L’entrée est gardée par un homme en passe-montagne noir sous une casquette à étoile rouge, pipe en bouche. Sosie du sous-commandant Marcos ? Rien ne le distingue de l’original, s’il existe : grâce à son masque, le guerillero peut être en plusieurs endroits à la fois, mais rien ne garantit que celui qu’on voit soit le bon. De quoi rendre fous ses ennemis. Il me laisse entrer dans une grotte aquatique de vingt mètres de haut au milieu de laquelle pendent les racines géantes d’un peuplier ancestral. Les « saints » s’affairent sur des balcons de pierre. Deux Pancho Villa féminins entourent un homme jambe levée, pantalon retroussé. Les yeux fermés, la tête relevée, elles fument en imitant la voix supposée du révolutionnaire, et placent une main sur le genou de l’homme.

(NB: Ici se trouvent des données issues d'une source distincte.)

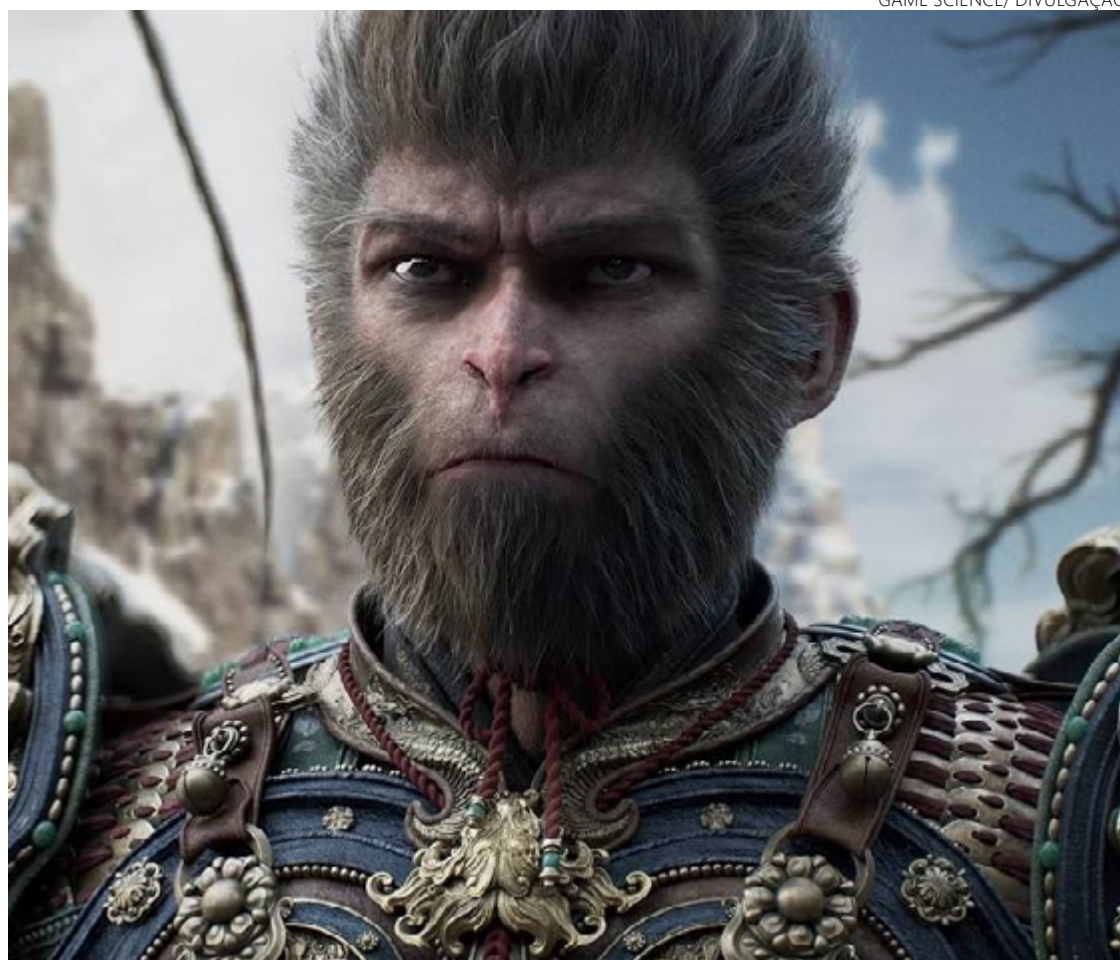
'Black Myth: Wukong' game vendeu bem, mas não tem cara de Goty

údo 'baixável') não deveria ter o status de jogo em si. Mas está aqui para provar que o Goty pode ter polêmicas nas próximas horas, já que 'Elden Ring' venceu o jogo do ano em 2022. Qual a aposta do DM ao jogo do ano? Lá vai... 'Astro Bot'.
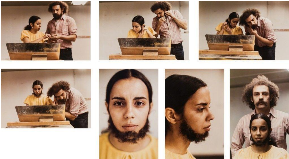
FIG. 3. Ana Mendieta, Facial Hair Transplant , 1972.

corriéndose así de los modelos de belleza femenina y a su vez abre sentidos sobre la autopercepción sobre el cuerpo, permitiéndose jugar de manera crítica con la identificación.
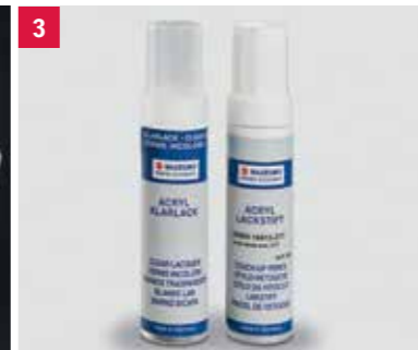
3 | Sada korekčných lakov K dispozícii v nasledujúcich farbách: Burning Red Pearl Metallic (ZWP) Obj. čís. 99000-10415-ZWP Speedy Blue Metallic (ZWG) Obj. čís. 99000-10415-ZWG Pure White Pearl (ZVR) Obj. čís. 99000-10415-ZVR Super Black Pearl (ZMV) Obj. čís. 99000-10415-ZMV Premium Silver Metallic (ZNC) Obj. čís. 99000-10415-ZNC Mineral Gray Metallic (ZMW) Obj. čís. 99000-10415-ZMW Fervent Red (ZNB) Obj. čís. 99000-10315-ZNB Flame Orange Pearl Metallic (ZWD) Obj. čís. 99000-10415-ZWD Rush Yellow Metallic (ZYK) Obj. čís. 9925D-B0100-ZYK
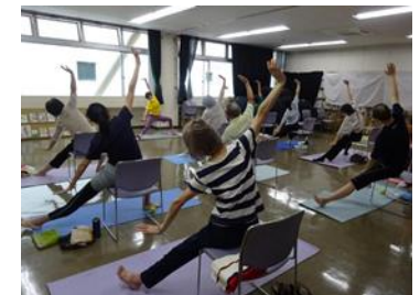
「10歳若返り」展示関連イベント ヨガ体験でリフレッシュ
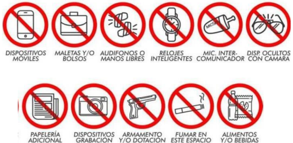
Ilustración 3 Prohibiciones durante la jornada de acceso

Nota: Es responsabilidad absoluta del aspirante el cuidado de los elementos adicionales que lleve consigo a la jornada de acceso al material de pruebas, la Universidad Libre y la CNSC no responderán por daños o pérdida de estos elementos.
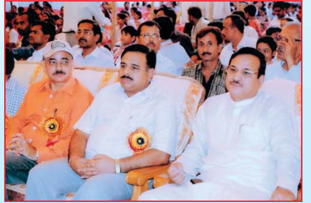
क्षेत्रीय सांस्कृतिक महोत्सव के अवसर पर उपस्थित माननीय जिलाधीश फतेहपुर, चीफ जूडिशियल मजिस्ट्रेट फतेहपुर एवं निदेशक मण्डल के पदाधिकारी एवं गणमान्य नागरिकगण।
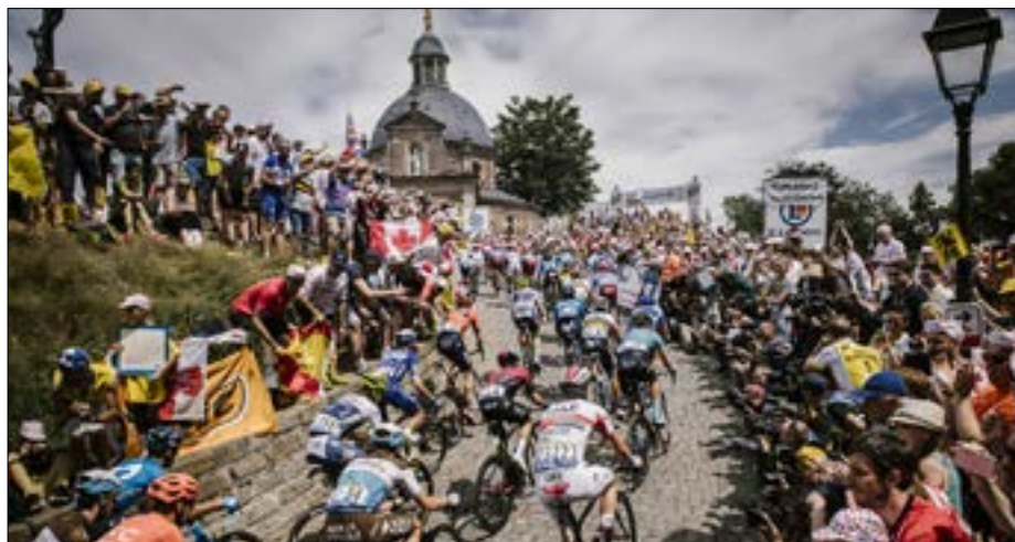
Tour de France 2019, première étape, Bruxelles – Bruxelles, mur de Grammont.

Elles récitent des phrases célèbres de Villa, dont celle-ci : « J’agis d’abord avec ça (elles pointent leur tête de l’index), puis avec ça (elles pointent leurs supposés testicules). » Plus loin, un géant obèse travesti en communiant miaule des formules du Niño Fidencio en caressant une vieille indienne que l’on vient de plonger dans la boue d’une cavité creusée dans la roche. À côté, un transsexuel en robe rouge guérit les malades en leur faisant danser la cumbia, sur laquelle il chante l’Oración ala Santisima Muerte. « Être ici signifie être déjà guéri à 93 % », me dit Angustias Campeon, ex-sourde originaire de Cuncucul, joli petit village près de Puebla. Angustias ? Concepción ? Dolores ? C’est comme si en français on s’appelait Angoisses Champion, Conception Robert ou Douleurs Chevalier.

Matin

Je quitte la porte Sud où les Tigres del Norte jouent encore sous cocaïne l’hymne national à l’envers et au ralenti, je passe la porte Ouest et je traverse la reconstitution, en cire, recueillie dans les bougies d’offrande de
la Santa Muerte, d’une maison qui, au cours du tremblement de terre de 1985, s’est effondrée en forme de croix christique. Il est temps de rentrer. Je décide de rejoindre à pied le métro, belle occasion de vérifier si je risque quelque chose en marchant dans ce coupe-gorge annoncé aux airs de quartier paisible. À Mexico, les curiosa se cachent sous des apparences banales. Mais je dois remettre à plus tard ce projet suicidaire : le chauffeur m’a attendu toute la nuit devant l’autel de la Santa Muerte. Il insiste pour me raccompagner. Le rosaire de la vierge de Guadalupe pendu au rétroviseur danse encore lorsque je m’assieds à l’arrière de la coccinelle verte et blanche. Je suis dans un pays où le mot « réel » a moins de sens qu’ailleurs.